一体、アンジェリーナちゃんは、どれだけ地中深くにグランパを埋め込んでしまったのだろう。ガレージの外から聞こえてくる元気な鳴き声が、二人には恐怖の雄叫びに聞こえる。
「さあ、アンジー! もう一度——!」
わんわんわ——ん
命賭けで地面を掘り起こしている孫たちを隔てる、穴だらけのガレージドアの向こうからは、アンジェリーナちゃんとアバレ太郎の、微笑ましく戯れる様子が聞こえてくる。
「あ! 何か当たった!」
「よし! いいぞ、ジャック。丁寧に土を除けるぞ!」
小さな指骨の先に、こつりと少し感触の異なるものが当たる。気を付けながら周囲の土を掘り分けていくと、埋もれている白いものが、カタカタと鳴り出した。
「ぶはぁ——っ。苦しかったあ——!」
「グランパ・ジョージ!」
無事に掘り出したグランパの頭は、スーハー新鮮な空気を吸うたびに、カタカタと軽快な音を立てる。その様に、孫たちは嬉々として歓声をあげた。
それがいけなかった。
アンジェリーナちゃんは、ふと足を止め、ガレージを振り返ると、ふんふん鼻を鳴らし、そして「ぐるるるるっ」と低く唸り始めた。寝床の異変に気が付いてしまった。

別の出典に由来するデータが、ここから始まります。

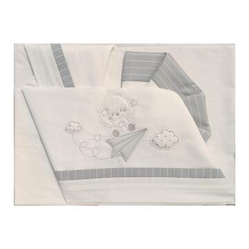 Set lenzuola 3 pezzi in 100% puro cotone per culla o carrozzina composto da:1 lenzuolo sopra,1 federa, 1 lenzuolo sotto con angoli elasticizzati adatto per materasso misure 34×72 cm.Rifinito con stampe ricamate e confezionato in una scatola di cartone rigida, perfetto come idea regalo.Disponibile nei colori rosa, cielo o neutri.NB: Il disegno ricamato e lo stile del bordino possono cambiare a seconda della disponibilità del momento.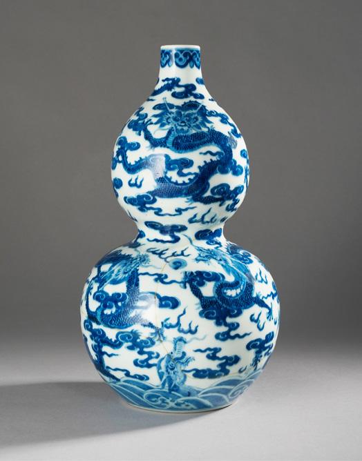 清嘉慶 青花九龍紋葫蘆瓶 《大清嘉慶年製》青花篆書款 來源:理查 亨利 切內維克斯 特倫奇爵士(1876-1954)收藏,之後由 家族傳承。葫蘆瓶本為一對,分別位爵士的後兩位後人繼承,另一尊 於本公司2025季春拍售出,編號127。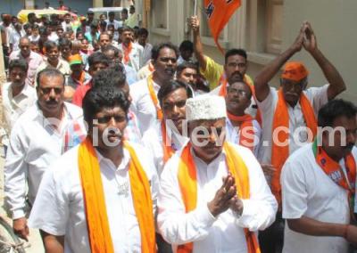 Photo Caption : Katta Subramanya Naidu, BJP candidate for Shivajinagar Assembly Constituency campaigning with his supporters, in Bengaluru on Wednesday 2nd May 2018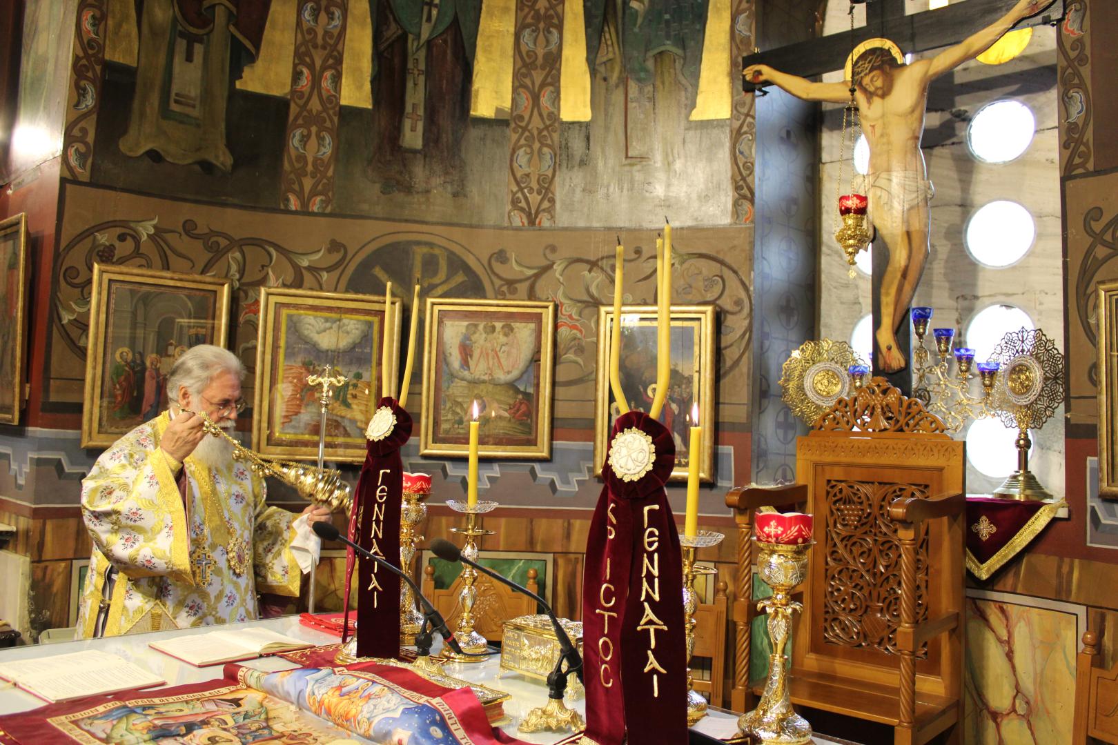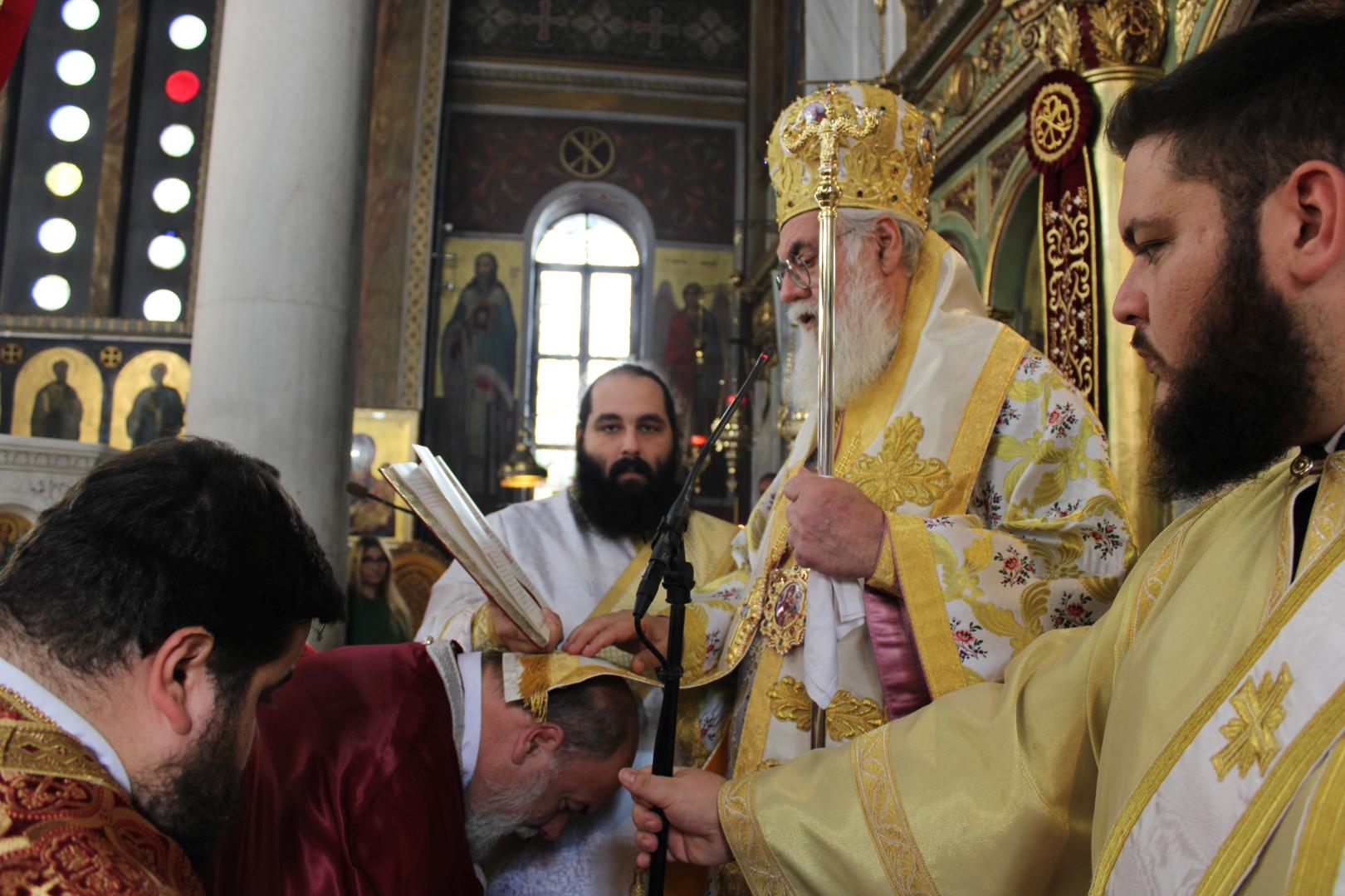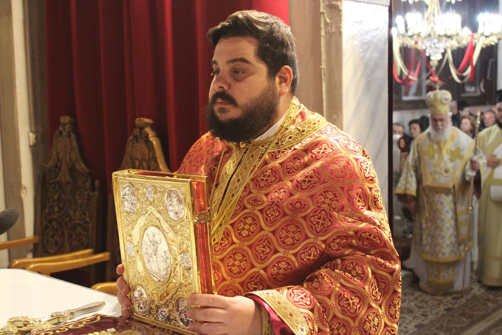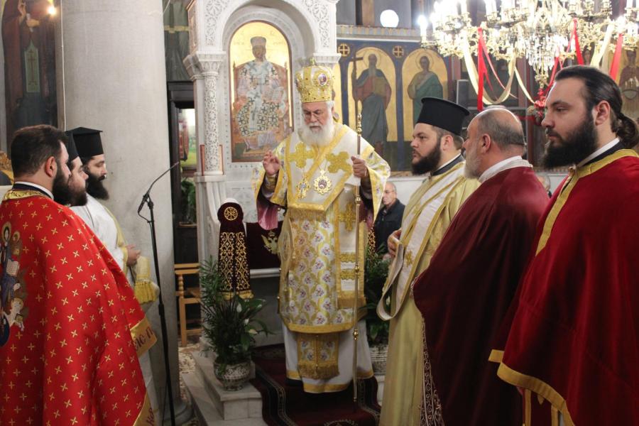συμπαραστατούμενος από τους π. Μιχαήλ Γιαννακέλο, Πρόεδρο του Εκκλ. Συμβουλίου του Ιερού Ναού, τους συνεφημερίους του π. Γεώργιο Χαλκιά, π. Μιχαήλ Καρ και π. Νεκτάριο Τριβέλλα και τους διακόνους του π. Άγγελο Μιχαλόπουλο και π. Καλλίνικο Ζωγράφο.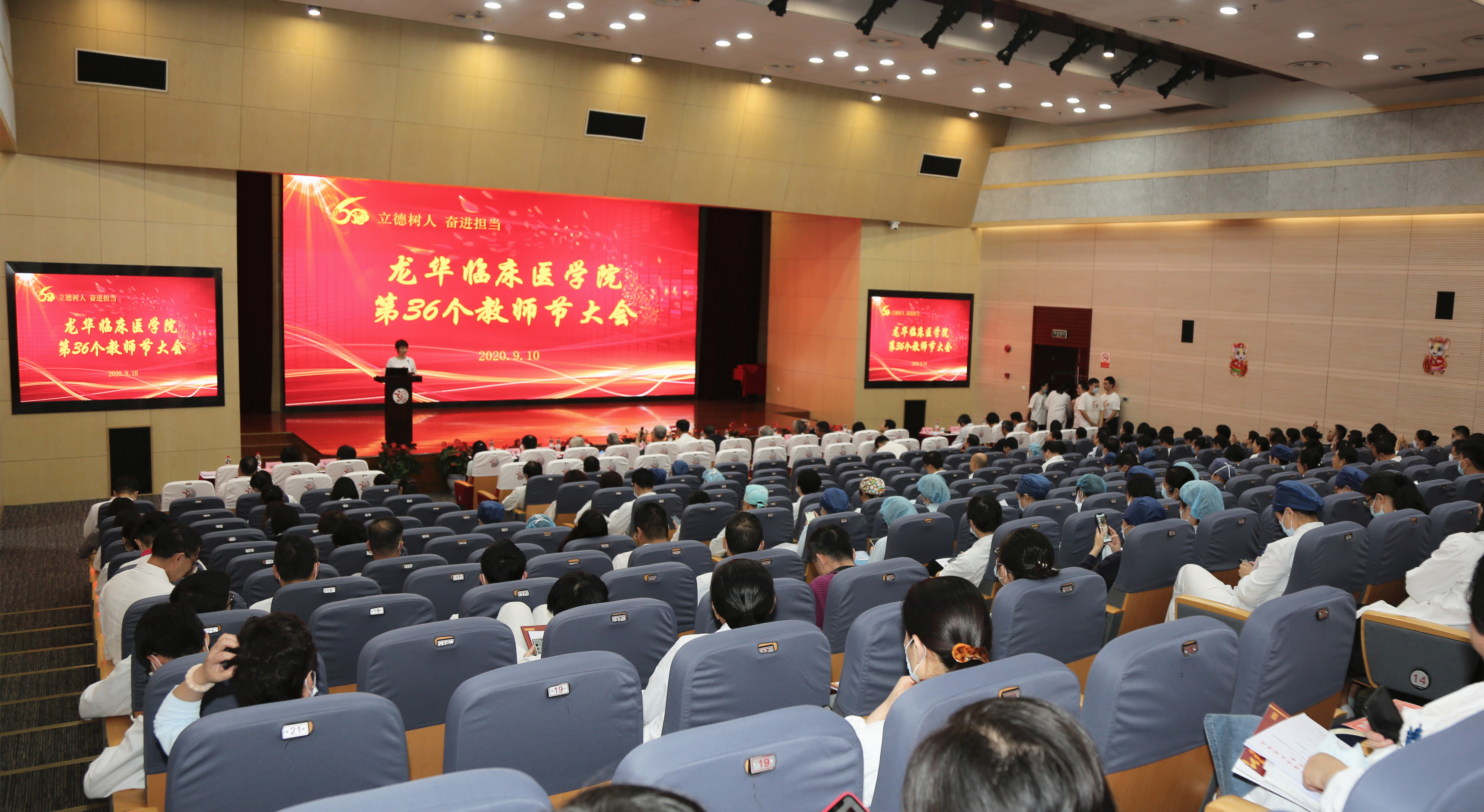 9月10日,作为附属龙华医院建院六十周年系列活动之一的龙华临床医学院第36个教师节庆祝大会在龙华医院远志楼三楼会议室举行。我校党委副书记、纪委书记许铁峰,国医大师刘嘉湘教授,上海市名中医唐汉钧教授、陈以平教授、朱培庭教授、陆金根教授、徐振晔教授,学校相关职能部门负责人、党政领导、科主任、护士长、党支部书记、教研室主任和教师、学生代表200余人参加大会。大会由龙华医院教学处处长吴晓莉主持。

そして、本気の全速力でガレージへと一直線に爆走する。ラブラドールレトリバーの走力は、個体差こそあれど、およそ毎時35〜36キロメートルといったところだ。五十メートル走なら、ウサイン・ボルト級で、ようやく、まともな勝負ができる。
ガレージドアの隙間をくぐり抜け、ピーターとジャックが、そろそろとタイミング悪く出て来てしまった。

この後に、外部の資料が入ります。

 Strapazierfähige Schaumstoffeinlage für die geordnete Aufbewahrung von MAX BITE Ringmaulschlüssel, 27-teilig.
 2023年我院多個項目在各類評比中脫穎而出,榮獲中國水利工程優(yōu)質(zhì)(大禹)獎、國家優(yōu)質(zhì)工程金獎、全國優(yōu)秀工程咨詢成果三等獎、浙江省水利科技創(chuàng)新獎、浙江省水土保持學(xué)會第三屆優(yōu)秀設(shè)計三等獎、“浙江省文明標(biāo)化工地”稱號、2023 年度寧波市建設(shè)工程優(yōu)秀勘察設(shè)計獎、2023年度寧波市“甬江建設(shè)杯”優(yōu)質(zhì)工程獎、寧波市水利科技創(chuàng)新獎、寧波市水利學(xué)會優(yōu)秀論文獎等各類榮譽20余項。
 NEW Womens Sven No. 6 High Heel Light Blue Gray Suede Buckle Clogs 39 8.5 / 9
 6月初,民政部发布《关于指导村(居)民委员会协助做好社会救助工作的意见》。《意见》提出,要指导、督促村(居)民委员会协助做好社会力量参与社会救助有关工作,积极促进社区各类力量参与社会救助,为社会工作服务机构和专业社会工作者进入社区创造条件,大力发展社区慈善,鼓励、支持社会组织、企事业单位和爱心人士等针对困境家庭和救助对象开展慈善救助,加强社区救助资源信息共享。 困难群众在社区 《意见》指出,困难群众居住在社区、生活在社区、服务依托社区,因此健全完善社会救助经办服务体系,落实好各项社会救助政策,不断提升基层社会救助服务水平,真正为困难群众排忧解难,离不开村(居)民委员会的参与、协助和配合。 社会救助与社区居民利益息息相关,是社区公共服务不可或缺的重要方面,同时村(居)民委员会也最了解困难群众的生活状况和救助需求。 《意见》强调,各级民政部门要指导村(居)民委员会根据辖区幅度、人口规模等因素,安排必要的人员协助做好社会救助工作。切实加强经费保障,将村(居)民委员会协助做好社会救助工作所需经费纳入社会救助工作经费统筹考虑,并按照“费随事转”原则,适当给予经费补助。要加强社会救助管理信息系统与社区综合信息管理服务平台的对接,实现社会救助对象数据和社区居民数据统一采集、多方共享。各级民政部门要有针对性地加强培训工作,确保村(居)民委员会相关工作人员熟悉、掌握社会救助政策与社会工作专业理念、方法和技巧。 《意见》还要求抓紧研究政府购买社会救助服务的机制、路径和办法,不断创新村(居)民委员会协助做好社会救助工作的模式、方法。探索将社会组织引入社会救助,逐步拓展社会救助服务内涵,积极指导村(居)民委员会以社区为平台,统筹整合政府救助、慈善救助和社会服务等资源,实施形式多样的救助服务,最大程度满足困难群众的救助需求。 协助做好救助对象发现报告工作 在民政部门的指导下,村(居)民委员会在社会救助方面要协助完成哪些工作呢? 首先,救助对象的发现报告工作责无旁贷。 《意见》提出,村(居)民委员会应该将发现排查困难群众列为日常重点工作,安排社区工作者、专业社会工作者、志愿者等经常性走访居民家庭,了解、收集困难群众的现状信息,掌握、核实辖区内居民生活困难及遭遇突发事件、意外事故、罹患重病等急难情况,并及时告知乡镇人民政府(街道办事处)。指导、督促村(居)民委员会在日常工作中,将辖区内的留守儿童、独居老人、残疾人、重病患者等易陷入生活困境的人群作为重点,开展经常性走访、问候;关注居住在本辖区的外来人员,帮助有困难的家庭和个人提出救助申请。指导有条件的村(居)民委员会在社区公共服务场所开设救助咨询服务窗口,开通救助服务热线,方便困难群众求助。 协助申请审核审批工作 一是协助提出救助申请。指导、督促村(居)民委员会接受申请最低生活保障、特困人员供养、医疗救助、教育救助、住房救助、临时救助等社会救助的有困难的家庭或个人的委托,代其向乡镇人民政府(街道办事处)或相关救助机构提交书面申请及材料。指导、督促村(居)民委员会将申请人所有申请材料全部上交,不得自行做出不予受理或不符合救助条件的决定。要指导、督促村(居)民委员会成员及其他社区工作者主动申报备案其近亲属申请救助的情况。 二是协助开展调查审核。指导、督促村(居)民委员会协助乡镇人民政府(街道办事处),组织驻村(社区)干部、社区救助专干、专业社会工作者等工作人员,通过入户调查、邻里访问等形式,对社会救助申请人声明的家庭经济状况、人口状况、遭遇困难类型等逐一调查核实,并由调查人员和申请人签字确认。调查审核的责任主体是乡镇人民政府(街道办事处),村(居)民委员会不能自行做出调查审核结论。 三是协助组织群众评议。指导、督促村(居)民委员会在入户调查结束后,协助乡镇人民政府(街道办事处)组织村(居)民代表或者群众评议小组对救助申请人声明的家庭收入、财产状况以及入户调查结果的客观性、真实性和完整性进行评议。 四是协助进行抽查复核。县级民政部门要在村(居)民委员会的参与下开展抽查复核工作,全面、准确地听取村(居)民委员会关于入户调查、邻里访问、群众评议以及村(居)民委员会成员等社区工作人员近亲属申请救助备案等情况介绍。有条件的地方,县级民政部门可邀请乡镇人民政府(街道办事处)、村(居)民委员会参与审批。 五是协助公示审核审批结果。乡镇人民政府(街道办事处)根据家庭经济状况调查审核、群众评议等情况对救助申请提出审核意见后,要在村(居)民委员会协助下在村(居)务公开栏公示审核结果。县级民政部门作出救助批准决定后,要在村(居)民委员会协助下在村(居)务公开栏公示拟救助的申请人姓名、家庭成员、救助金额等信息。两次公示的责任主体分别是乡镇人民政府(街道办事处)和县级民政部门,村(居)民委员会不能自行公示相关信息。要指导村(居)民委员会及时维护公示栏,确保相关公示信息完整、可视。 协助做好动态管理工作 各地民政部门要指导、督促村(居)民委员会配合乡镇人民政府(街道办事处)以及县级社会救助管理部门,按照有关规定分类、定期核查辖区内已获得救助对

「き、きみたち! 早く、そこから逃げるんだ——っ!」
「え……?」
ヒーローの警告が聞こえて立ち上がった先に、お怒りモード全開の漆黒の悪魔が、物凄いスピードで迫ってくる。
「う、うわ、うわ、うわ、うわ——ぁっ!」
「ジャック! グランパの頭よこせ!」
ジャックが抱えるグランパの頭をぶん取って、ピーターはそのまま全速力で、生垣に向かって一目散に走り出した。
「えっ !? ずるいよ、ピーター! 置いてかないでよ——!」
ギャウワーンッ!
「ぎゃ——、食べられる——!」
ジャックが両手で顔を覆ってしゃがみ込んだ時、アンジェリーナちゃんは華麗に跳び上がり、そして宙を舞った。
「ジャ——ック!」
漆黒の悪魔の咆哮の向こうで、ミセス・スケルトンが悲鳴を上げた。そして、スージーの声が聞こえる。
「これでも喰らえ——っ!」
スージーの手から放たれた、それはひゅんひゅん弧を描き、アンジェリーナちゃんの脇腹を直撃した。
そして、ピーターの小脇に抱えられながら、グランパは自分の首無しボディに向かって、眼窩をピカッと光らせた。踊り上がったグランパのボディから、渾身の気合いが迸る。
〈グランパ・バックボーン・ミサイル!〉
さあっと両腕を白鳥の如く広げると、虚空に舞い上がったその姿勢から、背骨が一斉に、アンジェリーナちゃん目掛けて襲い掛かった。
きゃいん、きゃいん、きゃいん
痛かった、驚いたと、アンジェリーナちゃんが怯んだ隙に、追い付いたアバレ太郎が何とか取り押さえる。
「スケルトンさん、無事ですか!」
ファンファン鳴り響くパトサイレンと共に、保安官さんの声がスピーカーから聞こえてくる。ジャックは恐る恐る目を開けた。
「な、何これ !?」
あたり一面に、グランパの背骨が散らばっている。
ぎょっとして周囲を確認すると、生垣の向こうから保安官さんが駆け付けてくる姿と、アンジェリーナちゃんが、アバレ太郎に宥めすかされている姿があった。
「な、何が起こったんだろう……?」
もっともな疑問だ。
とりあえず、アバレ太郎がアンジェリーナちゃんに勝ったんだ! と状況から推察したジャックだが、なにゆえグランパが下半身だけで、庭を駆け回っているのか分からない。
「警察の方ですか? アンジェリーナちゃんは、このとおり」
アバレ太郎が、ようやく落ち着いたラブラドールを保安官さんに引き渡す。
「はい。保安官のロバートです。失礼ですが、あなたは?」
全身真っ赤なアクタースーツで、胸元に大きく『太郎』と書いてある覆面男を相手に、保安官さんは戸惑った様子で尋ねる。アバレ太郎が慣れた様子で手短に事の仔細を説明すると、保安官さんは「そうでしたか」と微妙な表情で頷いた。
「事件解決のご協力、誠に感謝します」
「いえ。ヒーローとして、当然のことをしたまで、です」
ジャックの頭上で、そんなやり取りが交わされる。本当は、グランパの背骨で命拾いしたジャックなのだが、ここは状況の流れから、アンジェリーナちゃんを見事取り押さえたアバレ太郎に、お礼を言う。
「ありがとうございました。グランパの頭も、無事に取り戻せました」
「ああ、いや——……」
深々と頭を下げるジャックの後方で、頭どころか上半身を無くしたグランパ・ジョージが、庭木に八つ当たりしている姿が目に入り、アバレ太郎は、爽やかな中に含みのある笑顔を残して、颯爽とその場を去っていった。